Sunday, October 17, 2010

did you know i was a wearwolf?

During bouts of joy I have been known yell out a hearty "I love everyone!" but when I write, another side of me will always come out. The full moon hits, and freckles here (that's me) will sit down at the computer and turn into an ugly wearwolf. A cynical, critical, cursin', spitin' wearwolf. It's rebellion to my general hippie dippie love for all the world. Sometimes it's funny, sometimes it's crass, and sometimes it's painfully transparent. The fact is, that this critic whoever-she-is inside of me has kept me from writing to anyone but myself.
It's time to get my hairy face out of the covers.
But... a BLOG? why a BLOG? blogs? please. since the internet was invented (thank you Al Gore) I've had it out for blogs. I rarely read them.
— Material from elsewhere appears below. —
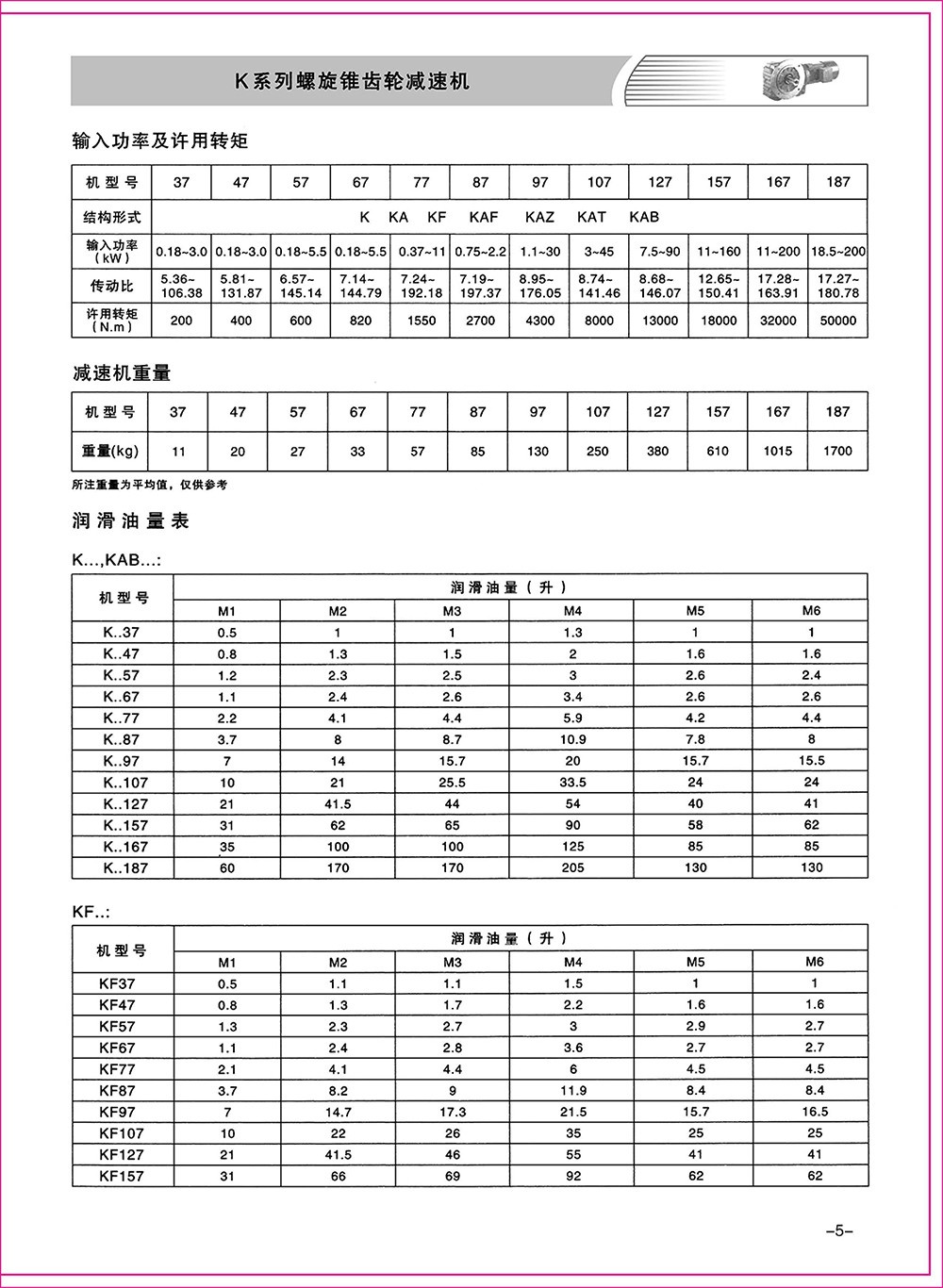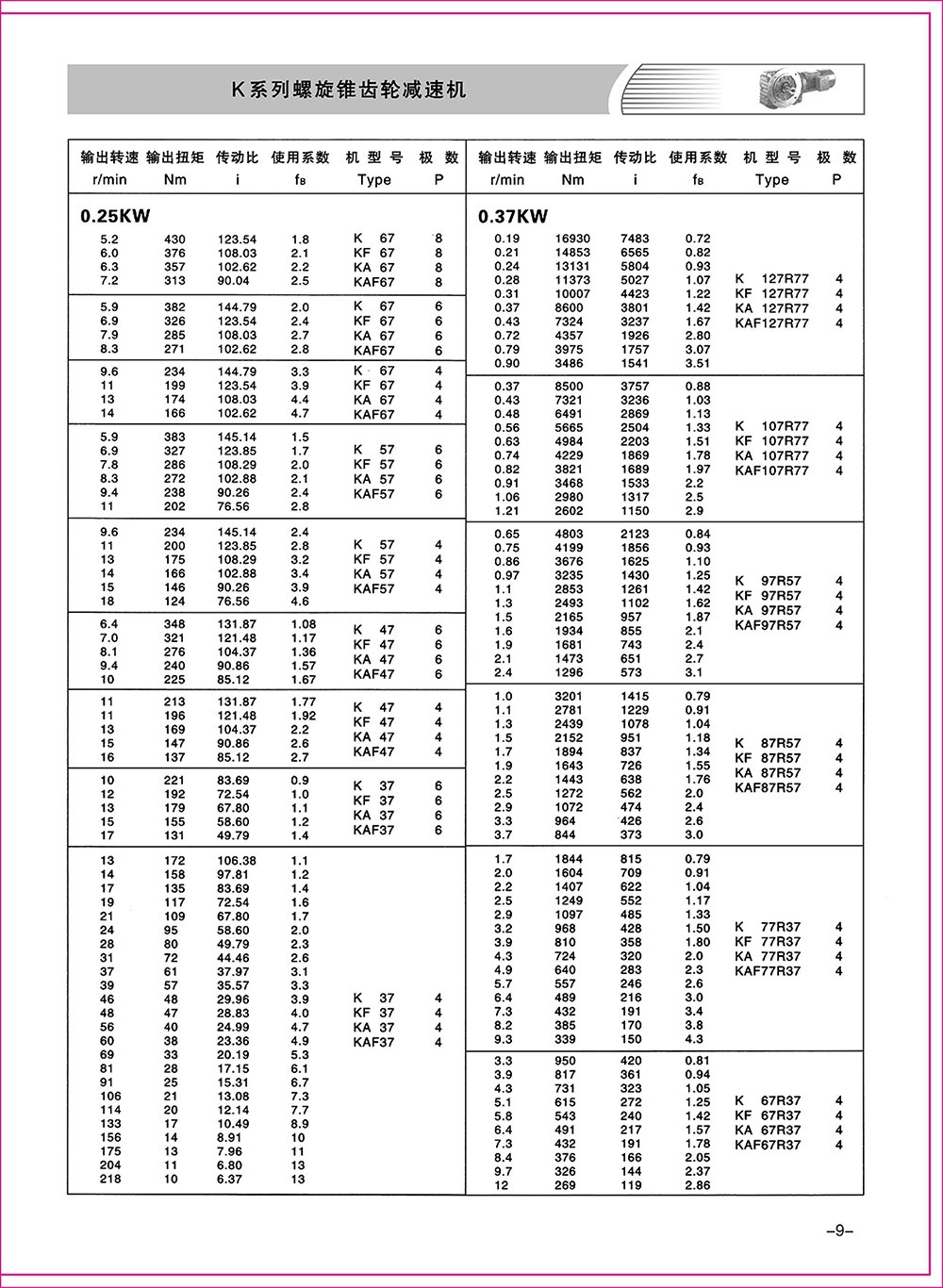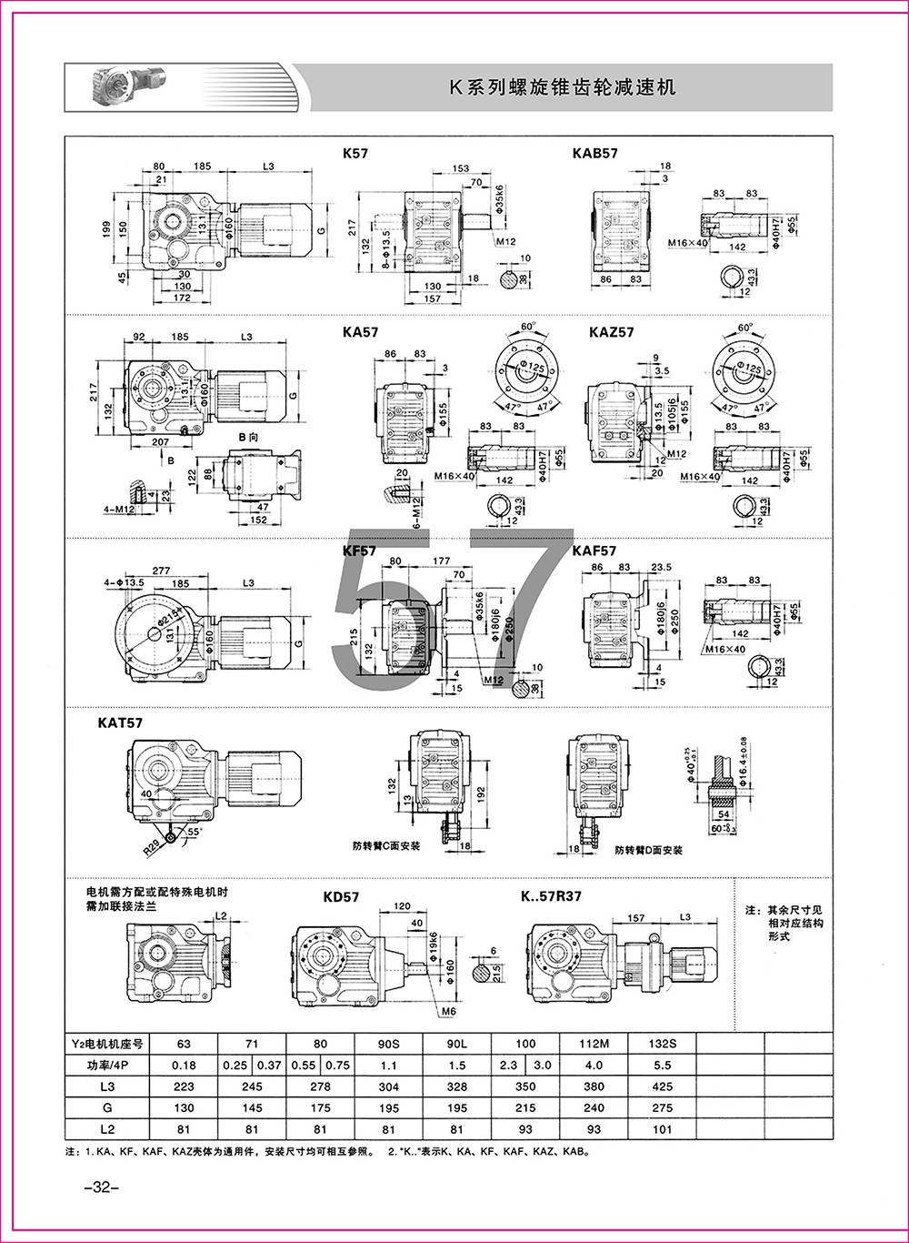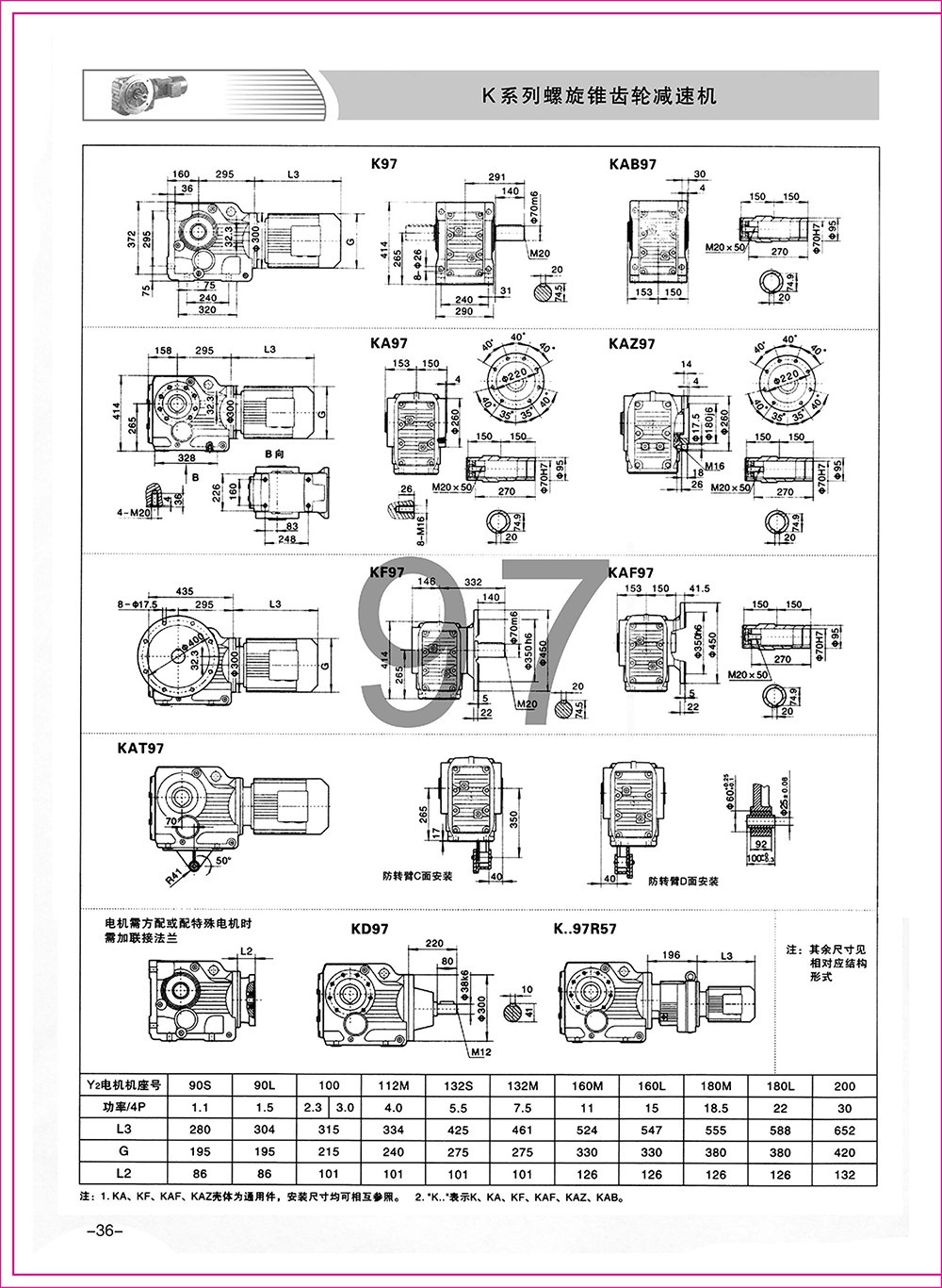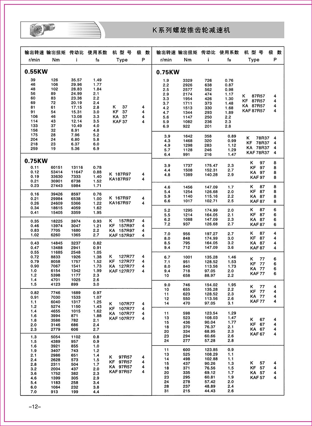 結(jié)構(gòu)形式:K-軸伸式、底腳安裝;KA-軸裝式聯(lián)接;KF-軸伸式、法蘭安裝;KAF-軸裝式、法蘭安裝;S-表示軸輸入。

And I like to rip on them a lot.
Weird how I don't like reading about someone else's every move. Usually I do like to hear about when you brush your teeth (that's a lie), and if your constipated today (that's not), but the concept of a blog makes me want to roll my eyes really big at everyone who has one (myself including. sheesh).
It's always seemed incredibly egocentric to me. I don't know why, though, because most of the people I know who do blog are very wonderful, non-egocentric people. They have things on their heart that they need to say.
They're people I love.
The title of my blog is 'off with the armor' because my writing has always been secretly folded between the binds of my journal. That sacred place only my eyes can go. It's safe. Occasionally my writing will be sent out in a heartfelt, sarcastic e-mail to my family. But I feel it's time for me to take off my armor. To make myself vulnerable to someone other than just myself.

Some things I've already shared. Some things are not incredibly heartfelt. Some are just thoughts. And some things are deeply personal straight from the pages of my journals.

Beings safe is not always a good way to grow.
Welcome to this process of the slow, and delicate removal of my armor.